# [Problem details]
Could you repeat the listing exactly, leaving out the pictures?
Segment Open
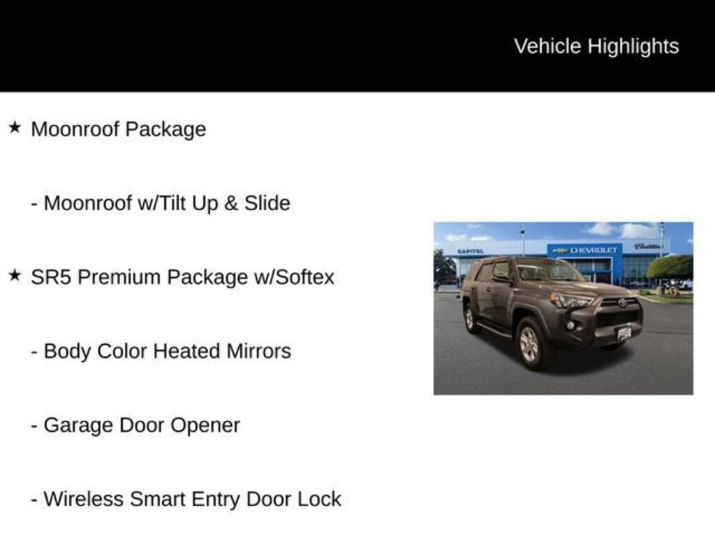 We Buy cars- Fast, Fair and Easy This 2020 Gray Toyota 4Runner SR5 Premium 4WD is well equipped and includes these features and benefits: Moonroof Package (Moonroof w/Tilt Up & Slide), SR5 Premium Package w/Softex (Body Color Heated Mirrors, Garage Door Opener, and Wireless Smart Entry Door Lock), 17 x 7.0 6-Spoke Alloy Wheels, ABS brakes, Active Cruise Control, Alloy wheels, Compass, Electronic Stability Control, Heated door mirrors, Heated Front Bucket Seats, Heated front seats, Illuminated entry, Low tire pressure warning, Navigation System, Remote keyless entry, Traction control, 3.727 Axle Ratio, 4-Wheel Disc Brakes, 8 Speakers, Air Conditioning, AM/FM radio: SiriusXM, Anti-whiplash front head restraints, Apple CarPlay/Android Auto, Auto High-beam Headlights, Auto-dimming Rear-View mirror, Brake assist, Bumpers: body-color, Driver door bin, Driver vanity mirror, Dual front impact airbags, Dual front side impact airbags, Emergency communication system: Safety Connect with 1-year trial, Exterior Parking Camera Rear, Front anti-roll bar, Front Bucket Seats, Front Center Armrest, Front fog lights, Front reading lights, Front wheel independent suspension, Garage door transmitter: HomeLink, Knee airbag, Leather Shift Knob, Leather steering wheel, Occupant sensing airbag, Outside temperature display, Overhead airbag, Overhead console, Panic alarm, Passenger door bin, Passenger vanity mirror, Power door mirrors, Power driver seat, Power passenger seat, Power steering, Power windows, Radio: Premium Audio w/Dynamic Navigation, Rear anti-roll bar, Rear seat center armrest, Rear window defroster, Rear window wiper, Roof rack: rails only, Security system, Softex Synthetic Leather Seat Trim, Speed control, Speed-sensing steering, Split folding rear seat, Spoiler, Steering wheel mounted audio controls, Tachometer, Telescoping steering wheel, Tilt steering wheel, Trip computer, Turn signal indicator mirrors, and Variably intermittent wipers.
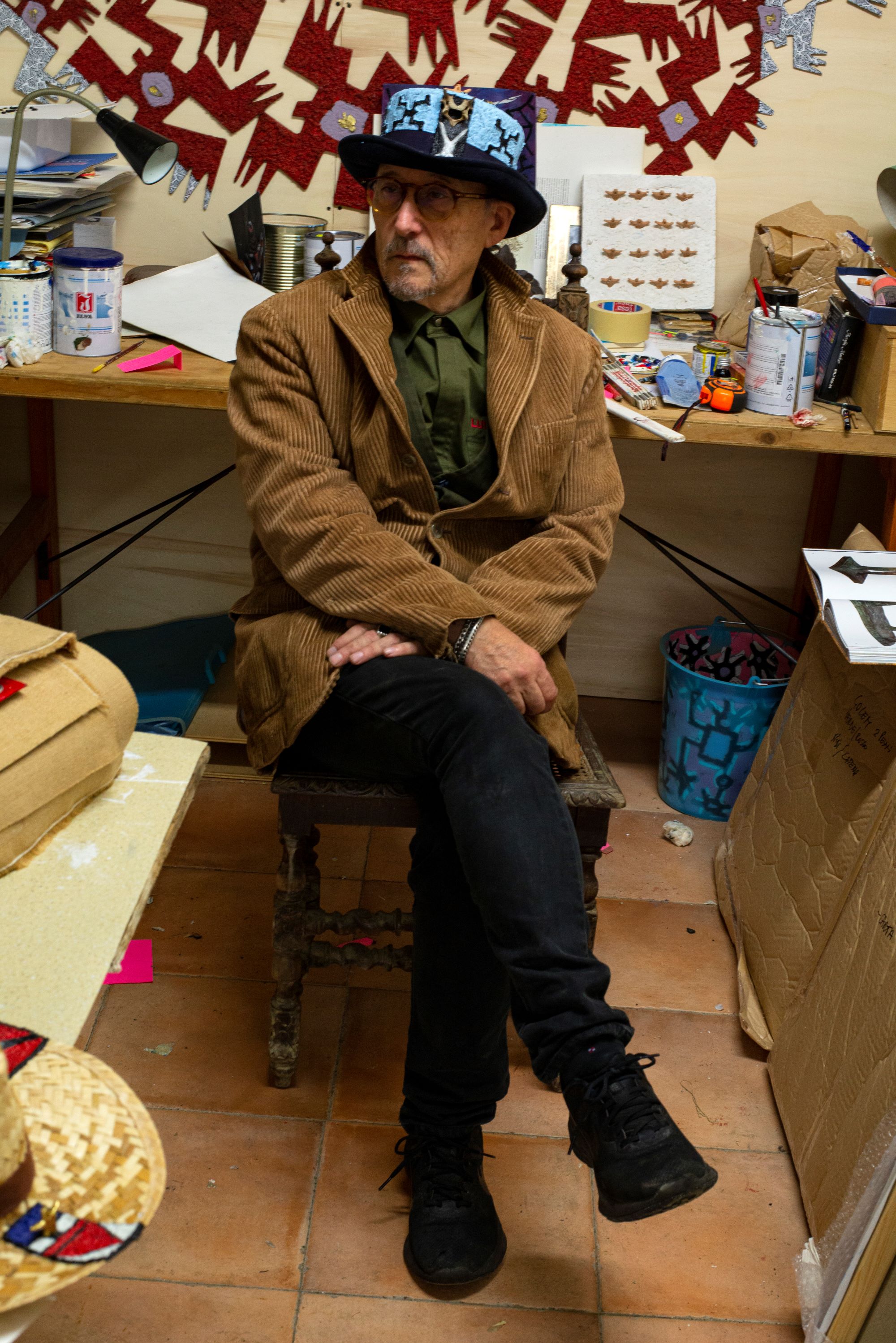Il risultato sono lavori che, sottraendosi alle consuete categorie artistiche, confermano la natura ibrida del registro espressivo di Galgani, che non ammette alcuna distinzione tra pittura e scultura, materiali vegetali ed elementi industriali, strumenti tradizionali e tecniche personali. L’organico e l’inorganico convivono nelle sue opere, richiamando il contrasto tra autenticità e artificio, energia vitale della natura e azione dell’uomo. L’intento è anzitutto risalire alle radici dell’identità toscana, quella in cui Galgani si riconosce e che alimenta la sua ispirazione fin dagli esordi figurativi con opere ispirate alla scultura arcaica etrusca, per poi approdare, diversi anni dopo, ad oggetti come vanghe, forconi e falci – vessilli del lavoro umano che entrano a far parte del suo repertorio simbolico sia come installazioni che come elementi rielaborati in chiave grafico-pittorica – e quindi giungere ai Paesaggi evasi, zolle di terra toscana prelevate idealmente dal contesto d’origine e messe in un vaso per alludere al paesaggio come insieme di memorie da tramandare e proteggere. Un modo, quindi, per esprimere il suo legame con la cultura e i “segni” del territorio in cui vive e più in generale con i valori della terra intesa come patrimonio di simboli e saperi che rischiano di andare perduti nell’era della globalizzazione.
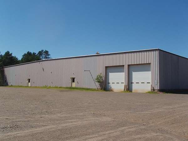 (090/DW) Park Falls Commercial/Industrial use 150x200' steel frame building with concrete floor. Large open area in back, 2 loading docks with overhead doors on the back side of the building with a parking pad outside. The front of the building has a finished reception area, 2 offices, breakroom and bathroom. There is also a breakroom and bathroom in back. Built in 1990 the building has an air exchanger, forced air unit and has 480 volt, 3-phase electric service. The property is serviced by municipal water and sewer. Located on 17+/- acres with a small creek meandering through the property. There is plenty of parking area on the side and back. Side street entrance and exit. There is also a 30x30' open ended metal storage building on the property with a concrete floor. See the many possibilities as to how the building could be utilized. $329,900.
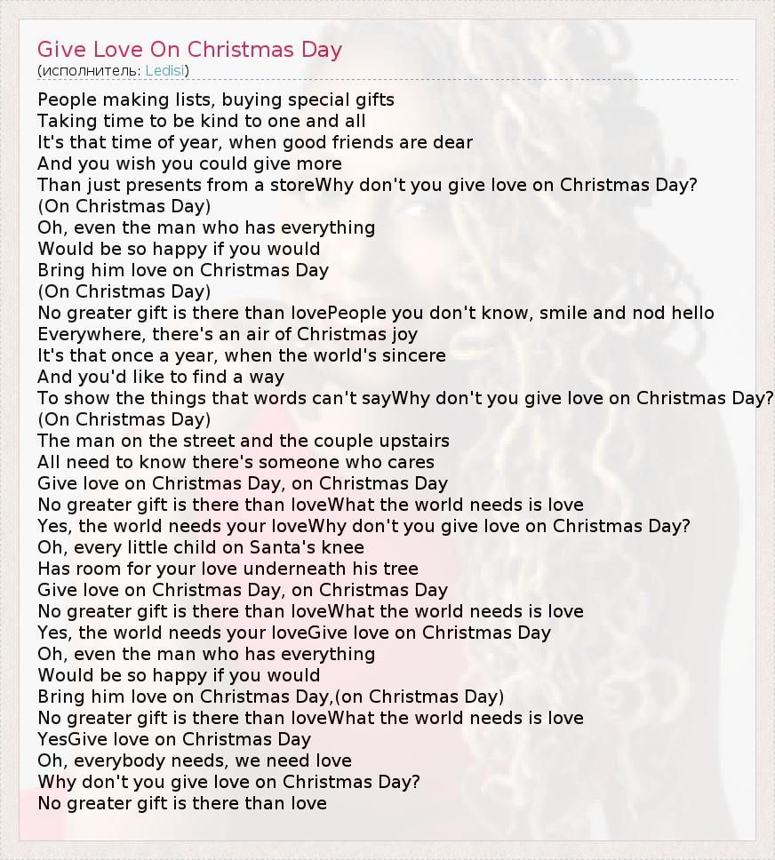 To show the things that words can't sayWhy don't you give love on Christmas Day?
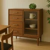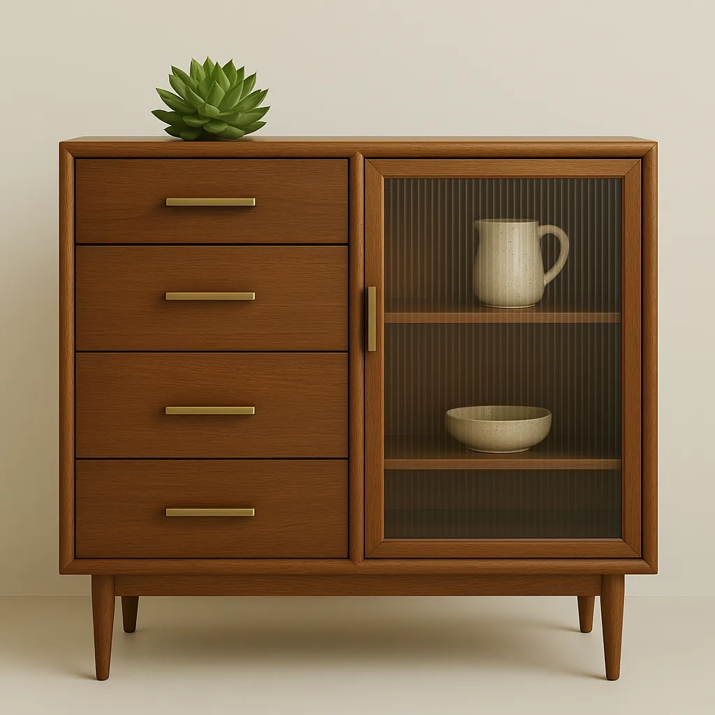 Optimize a dining or kitchen area with this small kitchen cabinet offering a balanced mix of storage and display. Designed for a compact space, the piece features four smooth drawer ideal for storing utensil, napkin, or kitchen tool. A ribbed glass door on the side reveals an open shelf suited for dish, jar, or decorative item. Clean edge and elevated leg give the cabinet a modern, uncluttered feel while enhancing accessibility. Whether placed beside a dining table or in a breakfast nook, this cabinet adds storage capacity without overwhelming the space. Its simple silhouette and subtle detail make it a stylish solution for a minimalist interior.
Segment Closed
# [Answer for this exercise]
 We Buy cars- Fast, Fair and Easy This 2020 Gray Toyota 4Runner SR5 Premium 4WD is well equipped and includes these features and benefits: Moonroof Package (Moonroof w/Tilt Up & Slide), SR5 Premium Package w/Softex (Body Color Heated Mirrors, Garage Door Opener, and Wireless Smart Entry Door Lock), 17 x 7.0 6-Spoke Alloy Wheels, ABS brakes, Active Cruise Control, Alloy wheels, Compass, Electronic Stability Control, Heated door mirrors, Heated Front Bucket Seats, Heated front seats, Illuminated entry, Low tire pressure warning, Navigation System, Remote keyless entry, Traction control, 3.727 Axle Ratio, 4-Wheel Disc Brakes, 8 Speakers, Air Conditioning, AM/FM radio: SiriusXM, Anti-whiplash front head restraints, Apple CarPlay/Android Auto, Auto High-beam Headlights, Auto-dimming Rear-View mirror, Brake assist, Bumpers: body-color, Driver door bin, Driver vanity mirror, Dual front impact airbags, Dual front side impact airbags, Emergency communication system: Safety Connect with 1-year trial, Exterior Parking Camera Rear, Front anti-roll bar, Front Bucket Seats, Front Center Armrest, Front fog lights, Front reading lights, Front wheel independent suspension, Garage door transmitter: HomeLink, Knee airbag, Leather Shift Knob, Leather steering wheel, Occupant sensing airbag, Outside temperature display, Overhead airbag, Overhead console, Panic alarm, Passenger door bin, Passenger vanity mirror, Power door mirrors, Power driver seat, Power passenger seat, Power steering, Power windows, Radio: Premium Audio w/Dynamic Navigation, Rear anti-roll bar, Rear seat center armrest, Rear window defroster, Rear window wiper, Roof rack: rails only, Security system, Softex Synthetic Leather Seat Trim, Speed control, Speed-sensing steering, Split folding rear seat, Spoiler, Steering wheel mounted audio controls, Tachometer, Telescoping steering wheel, Tilt steering wheel, Trip computer, Turn signal indicator mirrors, and Variably intermittent wipers.
Il risultato sono lavori che, sottraendosi alle consuete categorie artistiche, confermano la natura ibrida del registro espressivo di Galgani, che non ammette alcuna distinzione tra pittura e scultura, materiali vegetali ed elementi industriali, strumenti tradizionali e tecniche personali. L’organico e l’inorganico convivono nelle sue opere, richiamando il contrasto tra autenticità e artificio, energia vitale della natura e azione dell’uomo. L’intento è anzitutto risalire alle radici dell’identità toscana, quella in cui Galgani si riconosce e che alimenta la sua ispirazione fin dagli esordi figurativi con opere ispirate alla scultura arcaica etrusca, per poi approdare, diversi anni dopo, ad oggetti come vanghe, forconi e falci – vessilli del lavoro umano che entrano a far parte del suo repertorio simbolico sia come installazioni che come elementi rielaborati in chiave grafico-pittorica – e quindi giungere ai Paesaggi evasi, zolle di terra toscana prelevate idealmente dal contesto d’origine e messe in un vaso per alludere al paesaggio come insieme di memorie da tramandare e proteggere. Un modo, quindi, per esprimere il suo legame con la cultura e i “segni” del territorio in cui vive e più in generale con i valori della terra intesa come patrimonio di simboli e saperi che rischiano di andare perduti nell’era della globalizzazione.
 (090/DW) Park Falls Commercial/Industrial use 150x200' steel frame building with concrete floor. Large open area in back, 2 loading docks with overhead doors on the back side of the building with a parking pad outside. The front of the building has a finished reception area, 2 offices, breakroom and bathroom. There is also a breakroom and bathroom in back. Built in 1990 the building has an air exchanger, forced air unit and has 480 volt, 3-phase electric service. The property is serviced by municipal water and sewer. Located on 17+/- acres with a small creek meandering through the property. There is plenty of parking area on the side and back. Side street entrance and exit. There is also a 30x30' open ended metal storage building on the property with a concrete floor. See the many possibilities as to how the building could be utilized. $329,900.
 To show the things that words can't sayWhy don't you give love on Christmas Day?
 Optimize a dining or kitchen area with this small kitchen cabinet offering a balanced mix of storage and display. Designed for a compact space, the piece features four smooth drawer ideal for storing utensil, napkin, or kitchen tool. A ribbed glass door on the side reveals an open shelf suited for dish, jar, or decorative item. Clean edge and elevated leg give the cabinet a modern, uncluttered feel while enhancing accessibility. Whether placed beside a dining table or in a breakfast nook, this cabinet adds storage capacity without overwhelming the space. Its simple silhouette and subtle detail make it a stylish solution for a minimalist interior.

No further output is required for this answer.